Julia Morison

Aotearoa New Zealand, b.1952

Rhombus B4

  • 1982
  • Acrylic on canvas
  • Purchased, 1982
  • 2015 x 280mm
  • 82/71

For the exhibition Untitled #1050 (25 November 2017 – 14 October 2018) this work was displayed with the following label:

“I was working in formal abstraction and paring everything down and peeling everything away until there was virtually nothing there. Then I stopped work and started building everything up again. […]
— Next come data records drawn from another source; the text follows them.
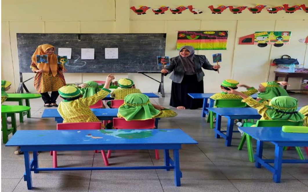
Menerapkan Strategi Pembelajaran Bernyanyi pada Pembelajaran Iqro' di Kelas Eksperimen
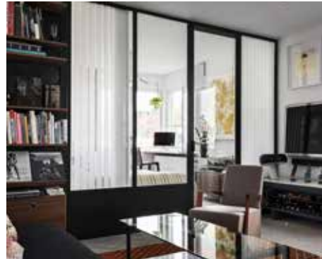
Vägg med plåt nedtill
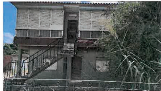
Vista da parcela
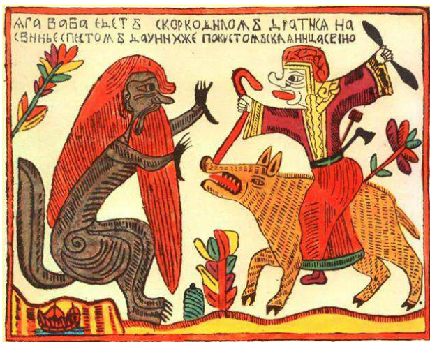
Крокодил и Баба Яга. Старинный лубок.

– Движенья нѣтъ, – сказала мудрецъ брадатый. Сие азъ опровергну въ тотъ же мигъ: Бѣжитъ, такъ значитъ, движется куда-то По улицамъ комаринскій мужикъ! 16
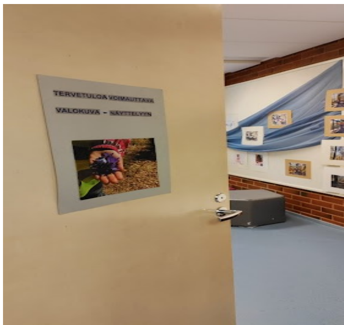
KUVA 11. Näkymä astuttaessa sisään valokuvanäyttelyyn

Tämä näyttely koostui vain kuuden tutkimuksessani mukana olleen lapsen kuvista, ja rajallisen ajan vuoksi koko ryhmän valokuvanäyttely ei tällä kertaa toteutunut (kuva 12). Olen perustellut tämän aiemmin tekstissäni.
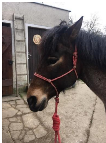
Obrázek 2 - provazová ohlávka s vodítkem
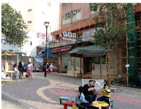
美化工程竣工後，不同國籍的遊人可使用屏麗徑的設施。
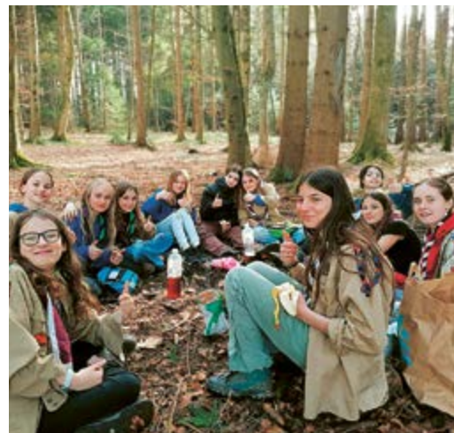
Abenteuer erleben an frischer Luft: die Maurmer Pfadfinderinnen im Wald.

Selbstverständlich darf man sich auch durchs Jahr hindurch melden, wenn ein Kind Interesse an der Pfadi hat: ✉ al@pfadimuur.ch , www.pfadimuur.ch
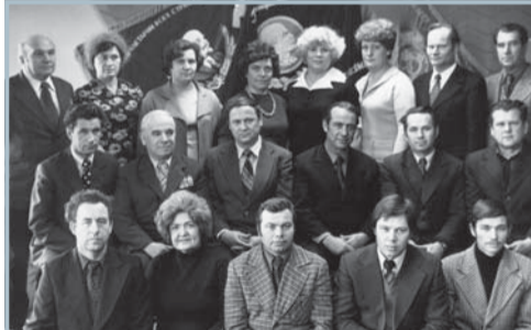
Работники, стоящие у истоков рождения завода:

Родилась в 1938 году. В 1960 г. устроилась на завод подсобным рабочим, затем работала бригадиром слесарей-сборщиков. Награждена орденом «Знак почета» в 1970 г. Избиралась депутатом районного, городского и областного Советов. Трудовой стаж 40 лет.
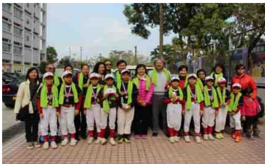
曾司長與校長、棒球員及家長合照
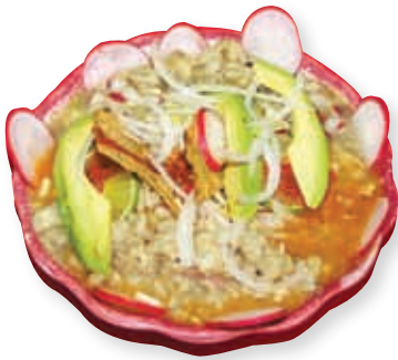
Diversos platillos típicos caracterizan las regiones de Michoacán. En la Región Oriente es famoso el pozole.
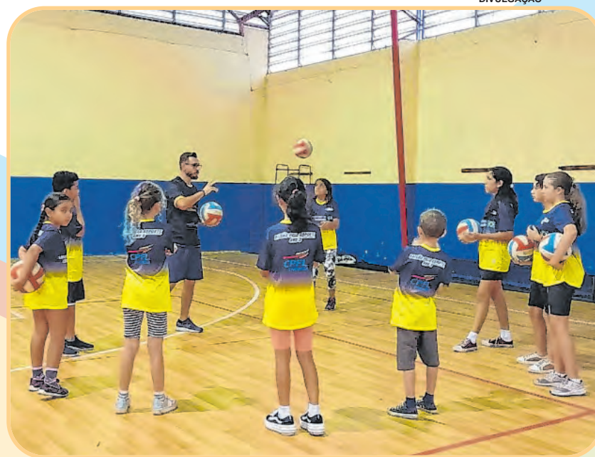
Atividade no CE Jardim Simus é oferecida no contraturno escolar

O centro esportivo está localizado na avenida Américo Figueiredo, nº 1.200, no Jardim Simus. Mais informações podem ser obtidas de segunda a sexta-feira, das 8h às 17h, pelo telefone: (15) 3212-7282 ou pelo e-mail: semes@sorocaba.sp.gov.br. (Da Redação, com Secom Sorocaba)
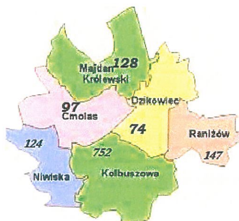
Rysunek 1 Liczba osób korzystających usług PPP w Kolbuszowej wg miejsca zamieszkania
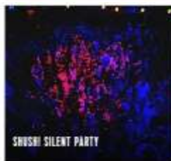
SHUSHI SILENT PARTY
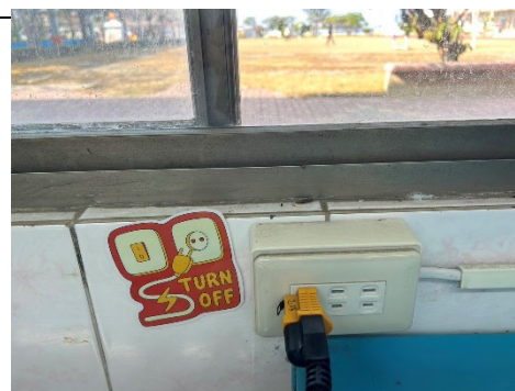
張貼節約用電標語在插座旁邊
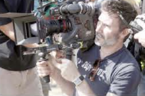
ایفای نقش کند. این فیلم طبق برنامه‌ریزی‌های انجام شده سال ۲۰۱۶ اکران می‌شود.

البته هازانائویشیوس از زمانی که «آرتیست» را کارگردانی کرده، یک فیلم دیگر نیز ساخته است. این فیلم که «جست و جو» نام دارد، درامی با بازی برنیس بژو و آنت بینینگ است که سال گذشته در جشنواره سینمایی کن مورد توجه قرار گرفت. احتمال دارد بژو در فیلم جدید هازانائویشیوس نیز
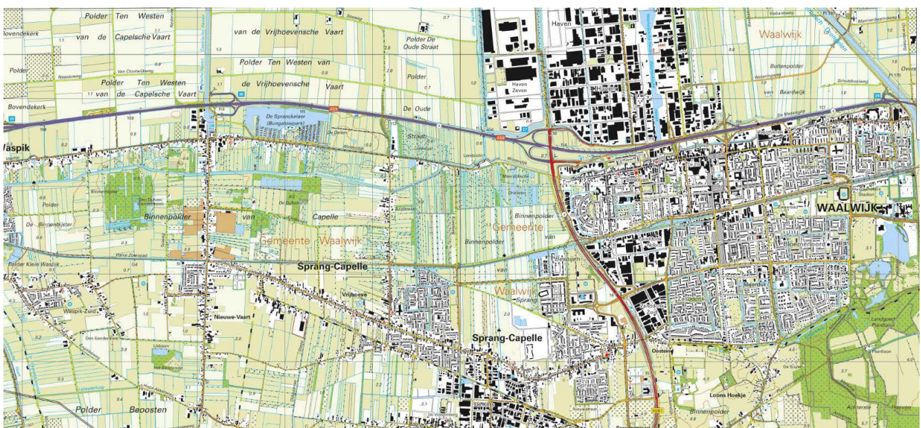
Sprang en omgeving 2016, bron: www.topotijdreis.nl

De grootste waren Heusden-Vlijmen en Z.A.K. (Zuiderafwateringskanaal)-Beneden-Donge. Die laatste betrof voor een groot deel een tweede ruilverkaveling in het gebied. De herkenbaarheid van het landschap is met de uitvoering van deze projecten flink verminderd. De oude strokenverkaveling is verdwenen en heeft plaatsgemaakt voor een veel grootschaligere blokverkaveling. Kleine delen zijn gespaard gebleven, onder meer ten noordwesten van Waspik en delen rondom 's Gravenmoer. Tussen Waspik en Waalwijk is het natuurgebied De Langstraat aangewezen als Natura 2000-gebied. Een ander Natura 2000-gebied ligt westelijk van 's-Hertogenbosch (Vlijmens Ven, Moerputten en Bossche Broek).
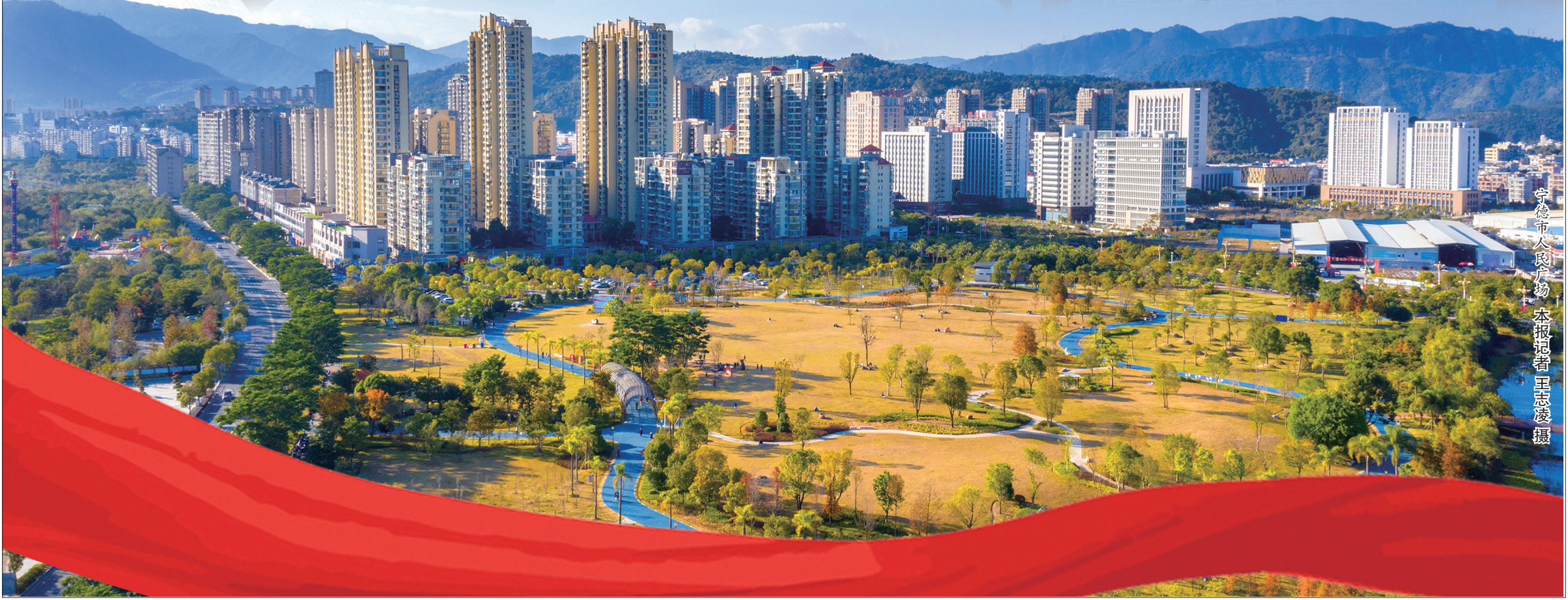
宁德市人民广场
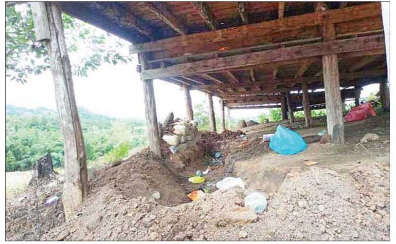
အကြမ်းဖက်သောင်းကျန်းသူများက ကျေးရွာအတွင်း လူနေအဆောက်အဦများကို အကာအကွယ်ပြု၍ တပ်မတော်စစ်ကြောင်းအား တိုက်ခိုက်ခဲ့သောနေရာ မှတ်တမ်းဓာတ်ပုံ။
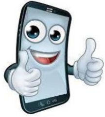
けいたいでんわ 携帯電話

“What interests me is that it’s a structure of opposites and so it’s a structure that is all encompassing. The opposites are held in tension and balance. It’s hierarchical, and therefore very unfashionable, but I don’t actually see you can avoid hierarchy if you’re constantly organising and ordering. Just putting one thing in front of another is a hierarchical process. The structure is like a map to work by, so that everything is seen in relation to its opposite or to the other parts. It just seemed a more holistic way for me to work.”

—Julia Morison, 1991

Exhibition History

earlier labels about this work
  • I See Red 5 December 2007 – 23 November 2008

    Julia Morison’s red and white Rhombus B4 seems to carry the beginning and end of an idea. It’s about changing direction or transformation, maybe even about changing your mind.